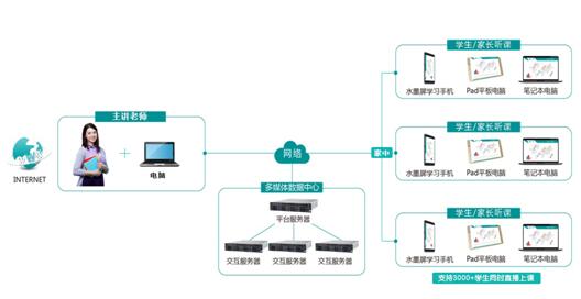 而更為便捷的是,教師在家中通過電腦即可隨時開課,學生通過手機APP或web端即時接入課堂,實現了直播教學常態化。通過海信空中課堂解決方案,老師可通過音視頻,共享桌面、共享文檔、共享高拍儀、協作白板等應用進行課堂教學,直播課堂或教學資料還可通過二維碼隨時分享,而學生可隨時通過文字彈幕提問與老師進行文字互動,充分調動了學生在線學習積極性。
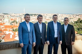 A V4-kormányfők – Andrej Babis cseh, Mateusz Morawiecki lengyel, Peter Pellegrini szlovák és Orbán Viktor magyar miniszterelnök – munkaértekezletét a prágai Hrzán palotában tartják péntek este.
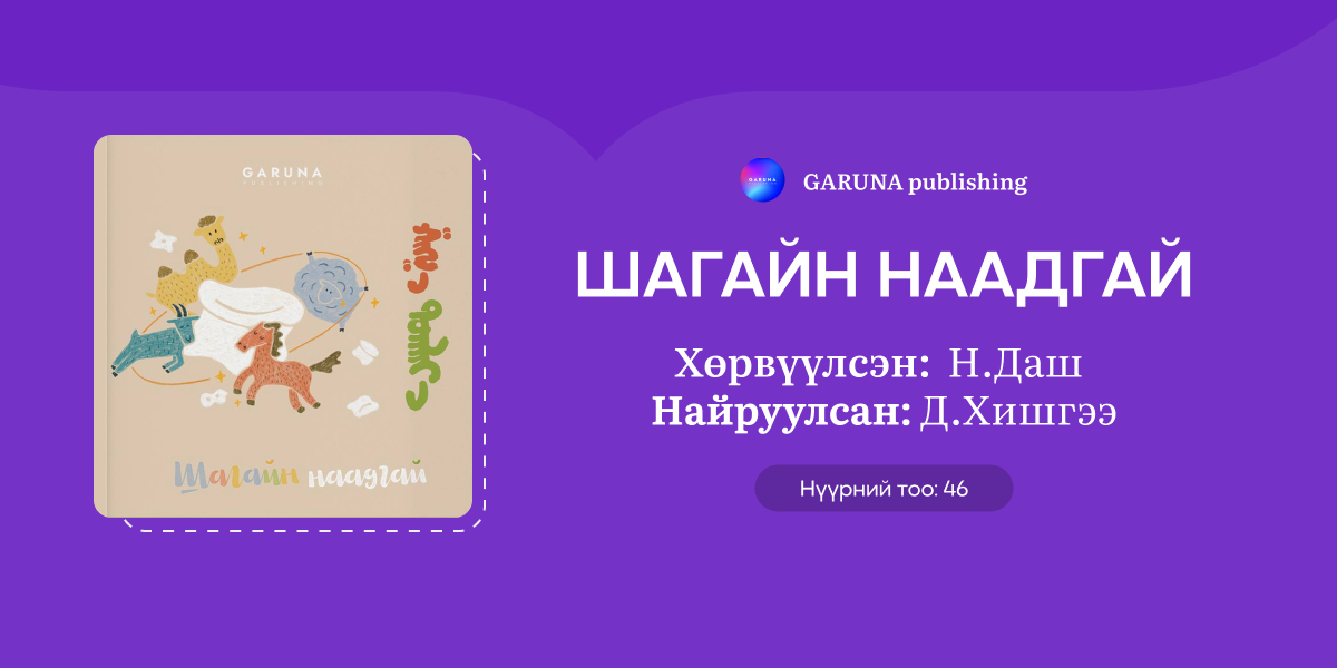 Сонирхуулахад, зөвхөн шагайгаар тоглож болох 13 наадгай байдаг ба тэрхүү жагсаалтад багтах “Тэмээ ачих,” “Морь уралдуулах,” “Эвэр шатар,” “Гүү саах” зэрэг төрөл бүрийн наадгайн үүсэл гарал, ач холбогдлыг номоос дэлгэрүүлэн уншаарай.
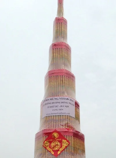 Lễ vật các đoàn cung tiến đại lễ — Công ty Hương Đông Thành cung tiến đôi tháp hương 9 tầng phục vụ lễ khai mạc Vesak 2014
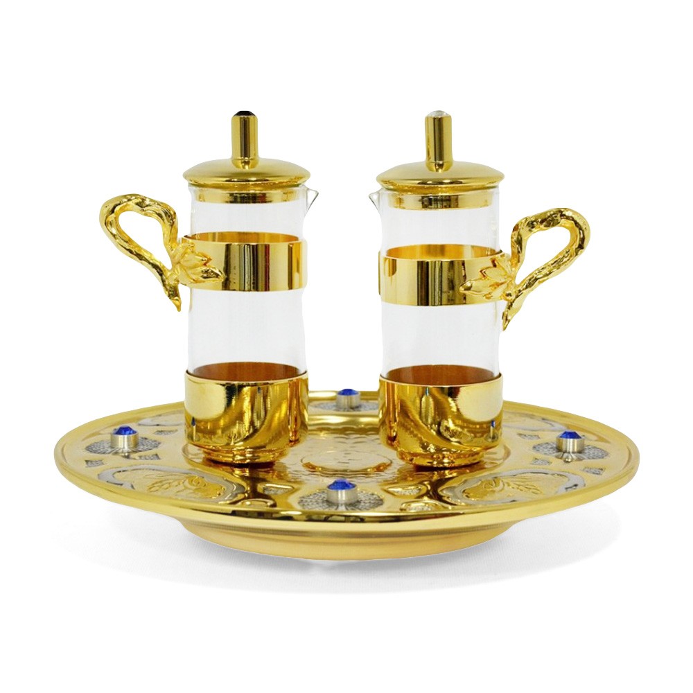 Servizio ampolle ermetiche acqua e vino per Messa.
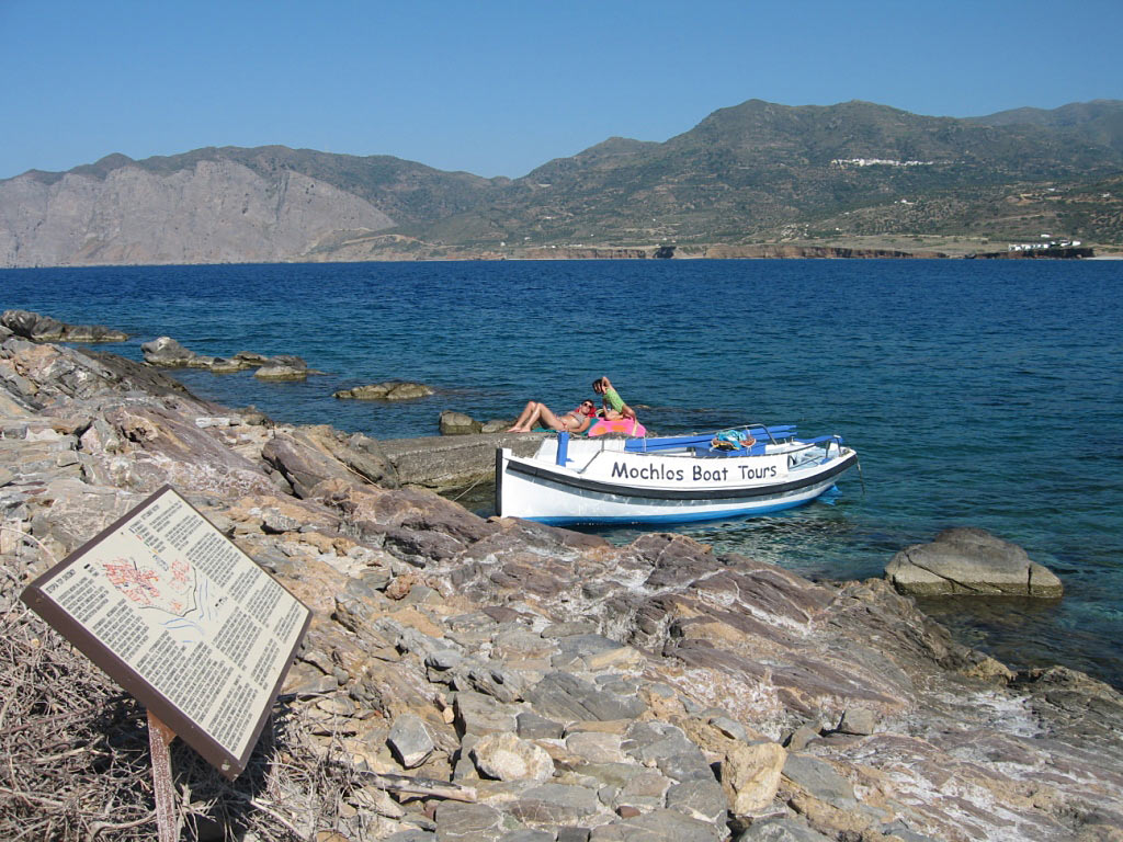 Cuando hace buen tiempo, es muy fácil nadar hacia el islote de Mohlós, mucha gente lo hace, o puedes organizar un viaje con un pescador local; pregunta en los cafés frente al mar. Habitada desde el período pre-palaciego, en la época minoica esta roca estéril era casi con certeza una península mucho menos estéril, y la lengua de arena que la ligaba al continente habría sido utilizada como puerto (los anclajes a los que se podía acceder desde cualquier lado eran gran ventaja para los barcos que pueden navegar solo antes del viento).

•••••

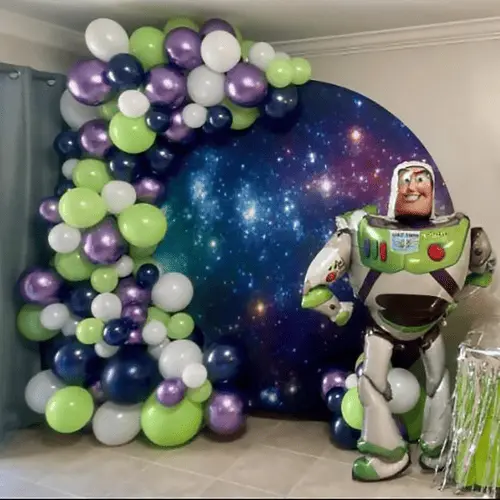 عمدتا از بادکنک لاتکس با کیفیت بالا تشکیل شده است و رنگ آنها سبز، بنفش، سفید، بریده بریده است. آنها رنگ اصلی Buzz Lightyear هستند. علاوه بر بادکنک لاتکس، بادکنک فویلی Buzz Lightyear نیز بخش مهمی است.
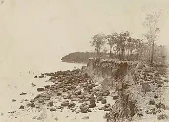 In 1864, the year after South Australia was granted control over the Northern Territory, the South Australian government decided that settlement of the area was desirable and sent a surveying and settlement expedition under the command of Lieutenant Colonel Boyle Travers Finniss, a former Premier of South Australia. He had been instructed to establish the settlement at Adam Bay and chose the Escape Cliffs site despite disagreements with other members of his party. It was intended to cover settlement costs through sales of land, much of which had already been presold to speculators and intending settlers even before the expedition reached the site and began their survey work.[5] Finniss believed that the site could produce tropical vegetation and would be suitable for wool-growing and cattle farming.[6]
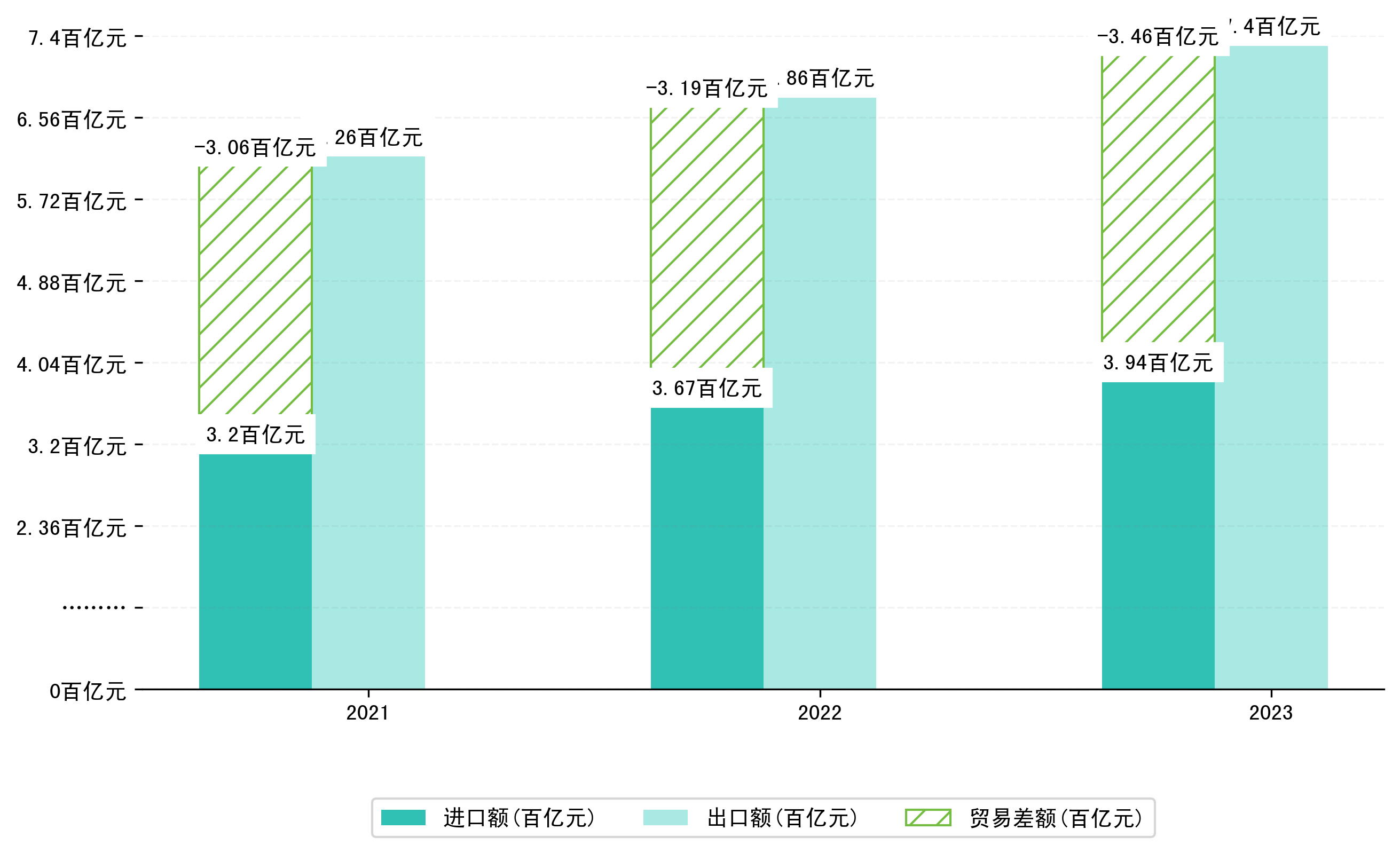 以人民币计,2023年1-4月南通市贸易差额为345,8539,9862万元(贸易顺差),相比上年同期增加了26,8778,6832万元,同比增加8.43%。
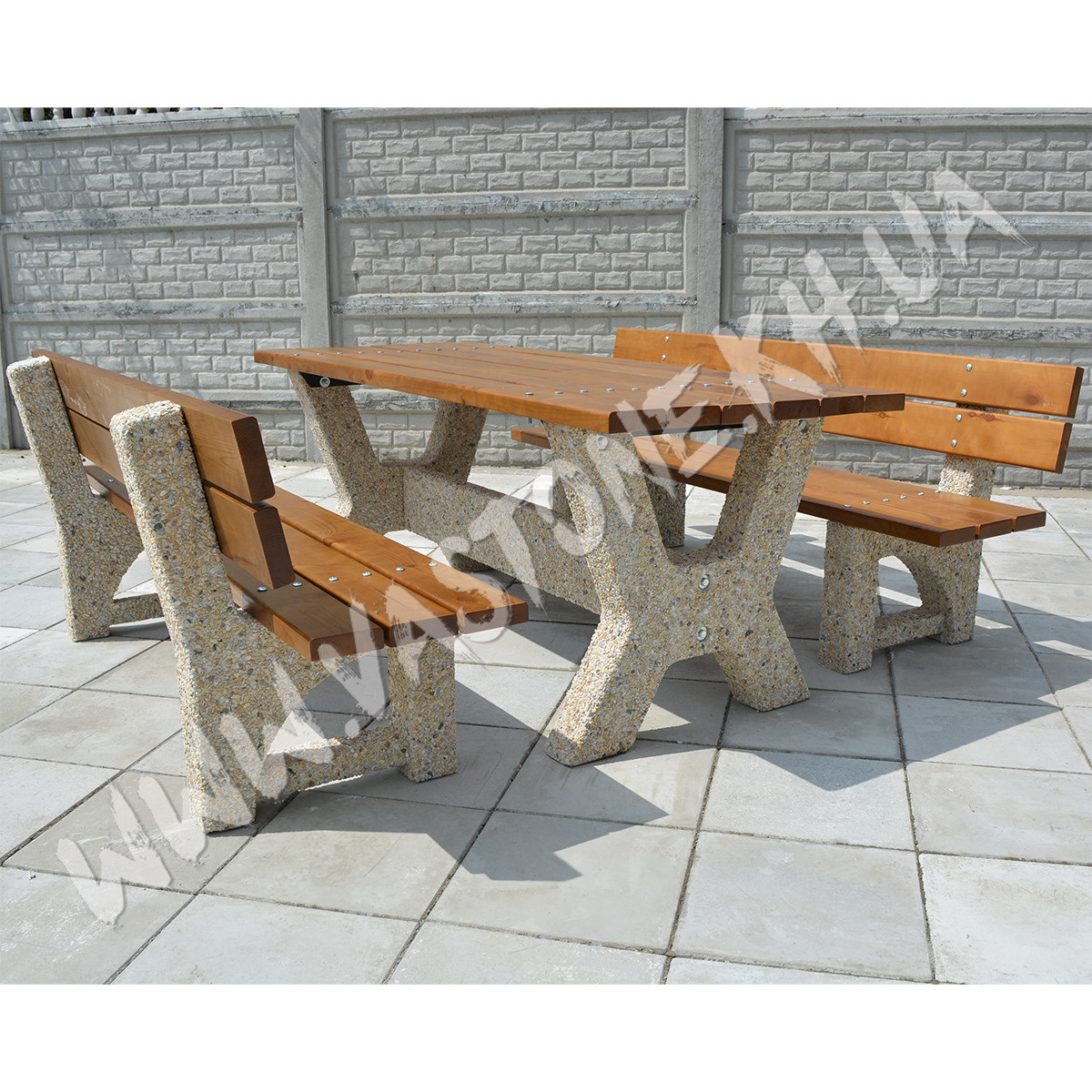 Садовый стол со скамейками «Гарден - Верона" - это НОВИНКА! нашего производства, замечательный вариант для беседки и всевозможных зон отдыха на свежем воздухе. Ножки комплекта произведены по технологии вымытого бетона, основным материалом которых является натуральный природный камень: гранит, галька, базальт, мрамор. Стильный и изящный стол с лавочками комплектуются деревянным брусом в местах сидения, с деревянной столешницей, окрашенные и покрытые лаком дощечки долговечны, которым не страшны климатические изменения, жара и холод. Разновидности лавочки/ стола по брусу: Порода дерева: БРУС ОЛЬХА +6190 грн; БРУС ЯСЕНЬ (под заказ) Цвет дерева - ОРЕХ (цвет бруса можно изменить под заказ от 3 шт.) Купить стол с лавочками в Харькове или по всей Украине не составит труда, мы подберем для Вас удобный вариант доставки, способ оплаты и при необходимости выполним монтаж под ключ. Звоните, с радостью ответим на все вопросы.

•••••

◆ The problem ◆
Exact copy, no pictures. Write out the lines in the entries above, starting with the line with "Lễ vật các đoàn" and going on through the line with "Servizio ampolle ermetiche", keeping both.

◆ Written reply ◆
 Lễ vật các đoàn cung tiến đại lễ — Công ty Hương Đông Thành cung tiến đôi tháp hương 9 tầng phục vụ lễ khai mạc Vesak 2014
 Servizio ampolle ermetiche acqua e vino per Messa.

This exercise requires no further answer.